→ What to do: The reply should reproduce every line of the data below word for word, minus any images.

→ Information:

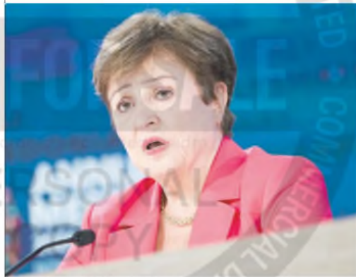
Georgieva advirtió sobre el contexto global en el G20

“Los gobiernos de otros países también están ajustando sus políticas. Los efectos combinados de los posibles cambios de política son complejos y todavía difíciles de evaluar, pero se verán con mayor claridad en los próximos meses”, anticipó sobre los efectos de la guerra comercial.
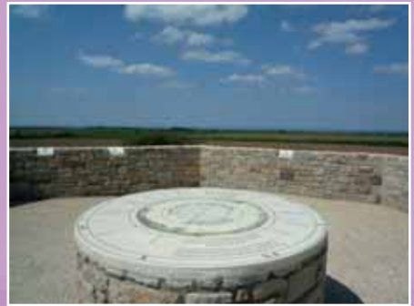
Le belvédère de Kéramézec

Ports d'embarquement pour Molène et Ouessant : Le Conquet, Brest et Lanildut l'été.
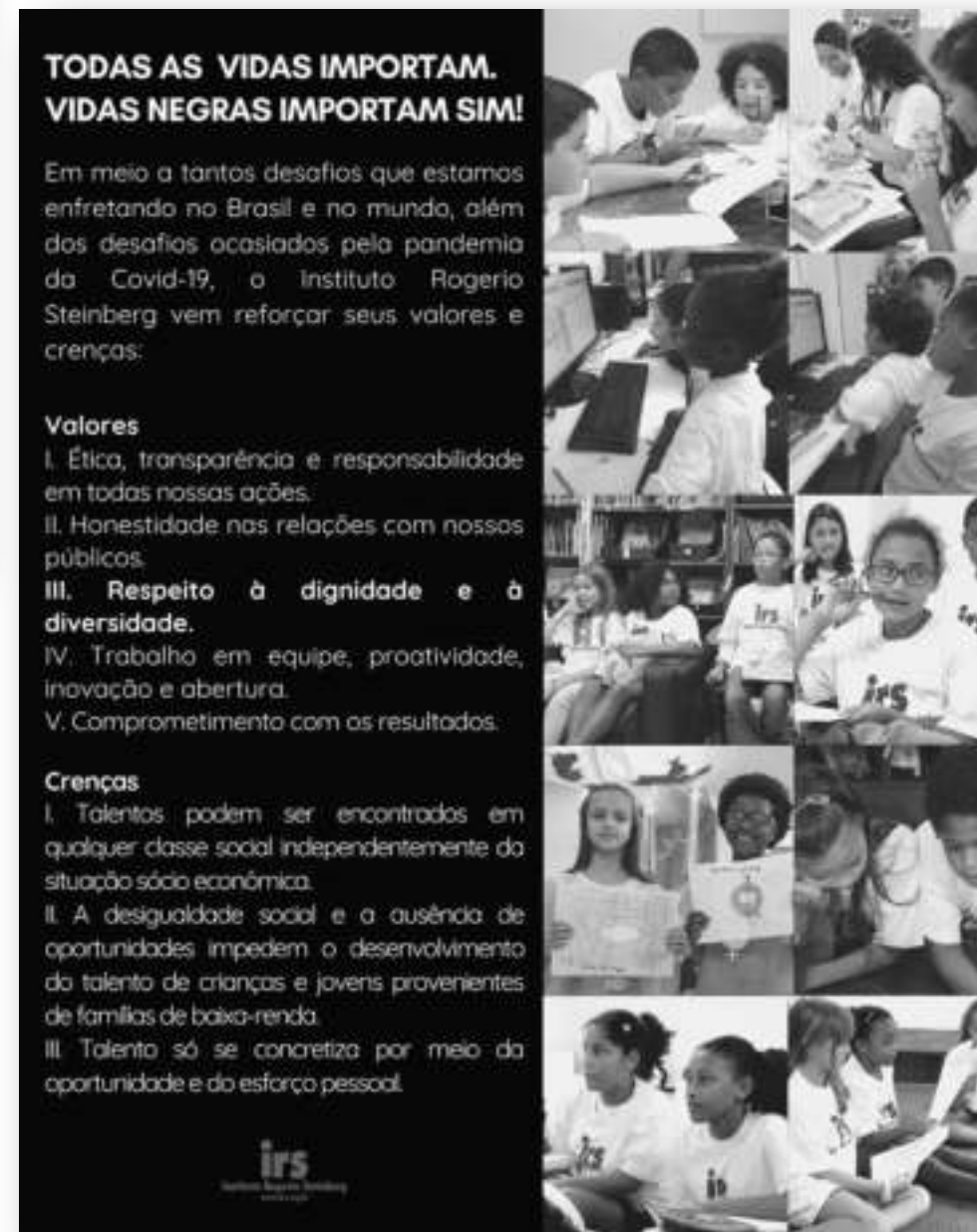
Post Todas as Vidas Importam #blacklivesmatter #vidasnegrasimportam
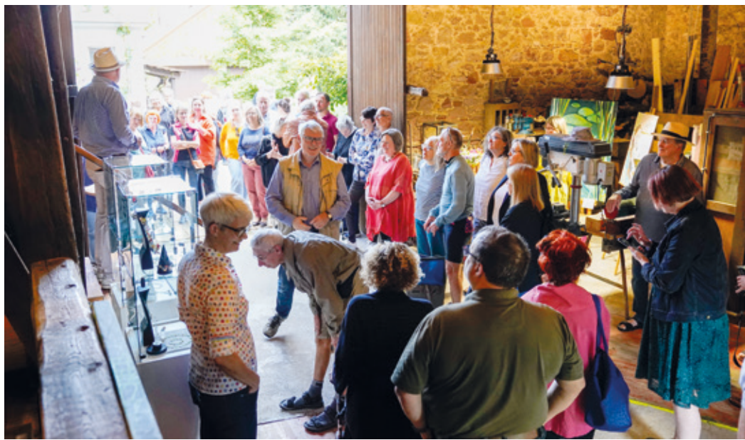
SchuppenArt bei der Eröffnung im Jahr 2024.

Zur Ausstellung am Himmelfahrt in die Scheunengalerie
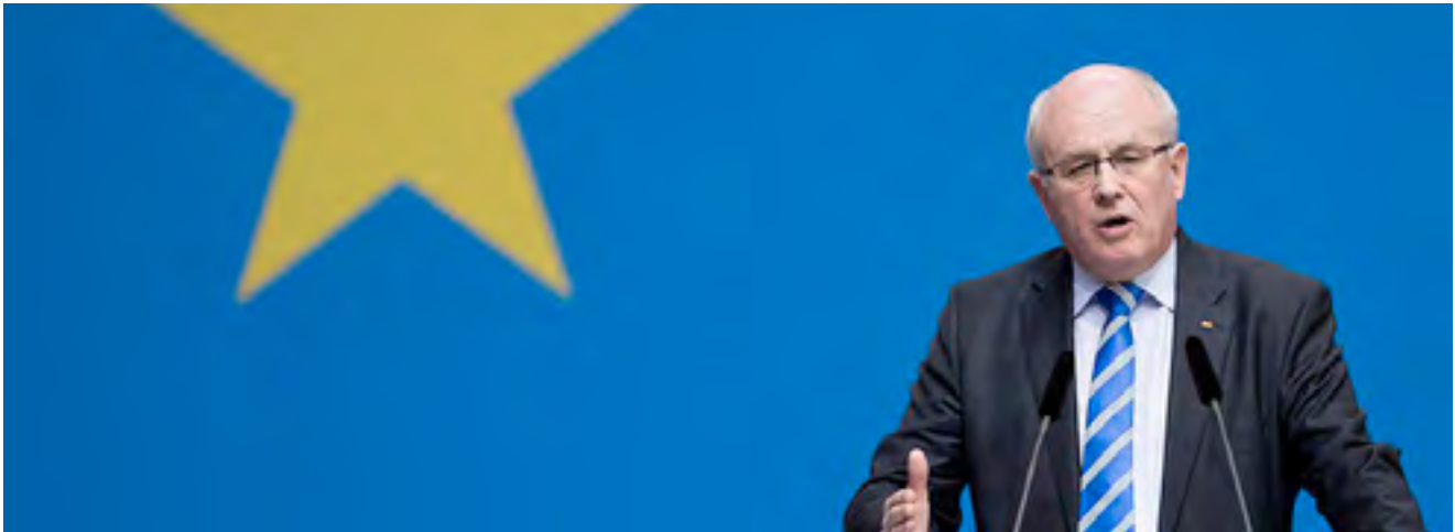
Der Fraktionsvorsitzende Volker Kauder auf dem CDU-Parteitag

Gute Stimmung und klares programmatisches Profil – Die CDU zieht geschlossen und selbstbewusst in den Europawahlkampf. Auf dem CDU-Parteitag am vergangenen Samstag in Berlin rief Bundeskanzlerin und Parteivorsitzende Angela Merkel dazu auf, Europa in den nächsten Jahren konsequent weiterzuentwickeln. Auch die CDU/CSU-Bundestagsfraktion setzte Akzente. Fraktionschef Volker Kauder plädierte dafür, den Wert Europas noch mehr zu schätzen.
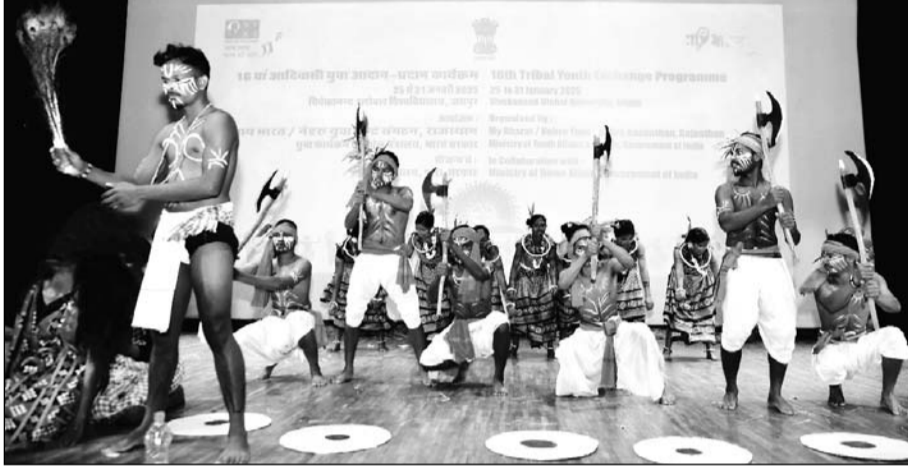
आरएएफ कैंप, लालवास में आयोजित सांस्कृतिक संध्या में विभिन्न राज्यों के आदिवासी कलाकारों ने अपनी पारंपरिक प्रस्तुतियों से दर्शकों को मंत्रमुग्ध कर दिया

जयपुर। आरएएफ कैंप, लालवास में आयोजित सांस्कृतिक संध्या में विभिन्न राज्यों के आदिवासी कलाकारों ने अपनी पारंपरिक प्रस्तुतियों से दर्शकों को मंत्रमुग्ध कर दिया। कार्यक्रम भारत सरकार के नेहरू युवा संगठन द्वारा गृह मंत्रालय के सौजन्य से आदिवासी युवा आदान-प्रदान कार्यक्रम के तहत आयोजित किया गया। झारखंड, ओडिशा और छत्तीसगढ़ के लोक कलाकारों ने अपने-अपने क्षेत्रीय नृत्य प्रस्तुत किए, जिनमें कृषि, प्रकृति, पारंपरिक आस्था और सामाजिक संदेश झलकते दिखे।
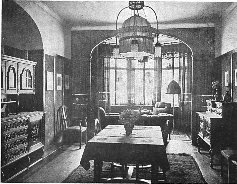
Salle à manger avec fumoir attenant au 1 er étage
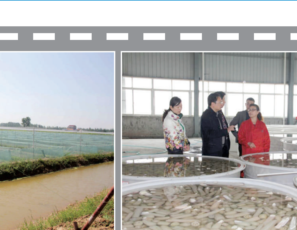
县领导到嘉珍生态农业发展有限公司调研龙头企业带动贫困户脱贫情况

200元标准奖补”。陆溪镇率先成立合作社,整合扶贫项目资金和“一事一议”项目奖补资金100多万元,支持花园村建起标准化红薯加工厂,“村集体通过公开招标吸引庆林薯业公司进驻,由公司带头人投资建设红薯基地1000亩,带动辐射周边田山、虎山、铜山1300多户农户,种植红薯9000亩,由公司直接与农户签订收购协议,带动210余户贫困户参与红薯种植加工务工,户均年增收2000元以上,村集体通过厂房出租年增收5万多元。
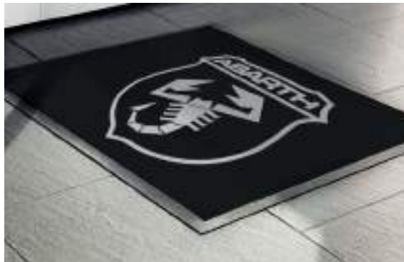
Alfombra Promocional Promotional Carpet
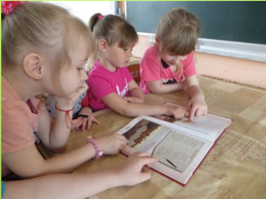
Старшая – подготовительная группа
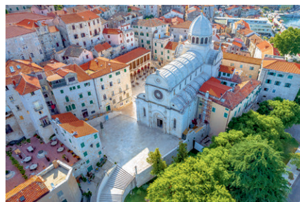
Kathedrale des Heiligen Jakob
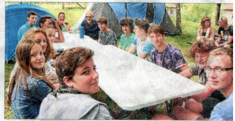
Quatorze jeunes s'immergent dans l'ambiance du festival.

→ Output for this task:
Georgieva advirtió sobre el contexto global en el G20

“Los gobiernos de otros países también están ajustando sus políticas. Los efectos combinados de los posibles cambios de política son complejos y todavía difíciles de evaluar, pero se verán con mayor claridad en los próximos meses”, anticipó sobre los efectos de la guerra comercial.
Le belvédère de Kéramézec

Ports d'embarquement pour Molène et Ouessant : Le Conquet, Brest et Lanildut l'été.
Post Todas as Vidas Importam #blacklivesmatter #vidasnegrasimportam
SchuppenArt bei der Eröffnung im Jahr 2024.

Zur Ausstellung am Himmelfahrt in die Scheunengalerie
Der Fraktionsvorsitzende Volker Kauder auf dem CDU-Parteitag

Gute Stimmung und klares programmatisches Profil – Die CDU zieht geschlossen und selbstbewusst in den Europawahlkampf. Auf dem CDU-Parteitag am vergangenen Samstag in Berlin rief Bundeskanzlerin und Parteivorsitzende Angela Merkel dazu auf, Europa in den nächsten Jahren konsequent weiterzuentwickeln. Auch die CDU/CSU-Bundestagsfraktion setzte Akzente. Fraktionschef Volker Kauder plädierte dafür, den Wert Europas noch mehr zu schätzen.
आरएएफ कैंप, लालवास में आयोजित सांस्कृतिक संध्या में विभिन्न राज्यों के आदिवासी कलाकारों ने अपनी पारंपरिक प्रस्तुतियों से दर्शकों को मंत्रमुग्ध कर दिया

जयपुर। आरएएफ कैंप, लालवास में आयोजित सांस्कृतिक संध्या में विभिन्न राज्यों के आदिवासी कलाकारों ने अपनी पारंपरिक प्रस्तुतियों से दर्शकों को मंत्रमुग्ध कर दिया। कार्यक्रम भारत सरकार के नेहरू युवा संगठन द्वारा गृह मंत्रालय के सौजन्य से आदिवासी युवा आदान-प्रदान कार्यक्रम के तहत आयोजित किया गया। झारखंड, ओडिशा और छत्तीसगढ़ के लोक कलाकारों ने अपने-अपने क्षेत्रीय नृत्य प्रस्तुत किए, जिनमें कृषि, प्रकृति, पारंपरिक आस्था और सामाजिक संदेश झलकते दिखे।
Salle à manger avec fumoir attenant au 1 er étage
县领导到嘉珍生态农业发展有限公司调研龙头企业带动贫困户脱贫情况

200元标准奖补”。陆溪镇率先成立合作社,整合扶贫项目资金和“一事一议”项目奖补资金100多万元,支持花园村建起标准化红薯加工厂,“村集体通过公开招标吸引庆林薯业公司进驻,由公司带头人投资建设红薯基地1000亩,带动辐射周边田山、虎山、铜山1300多户农户,种植红薯9000亩,由公司直接与农户签订收购协议,带动210余户贫困户参与红薯种植加工务工,户均年增收2000元以上,村集体通过厂房出租年增收5万多元。
Alfombra Promocional Promotional Carpet
Старшая – подготовительная группа
Kathedrale des Heiligen Jakob
Quatorze jeunes s'immergent dans l'ambiance du festival.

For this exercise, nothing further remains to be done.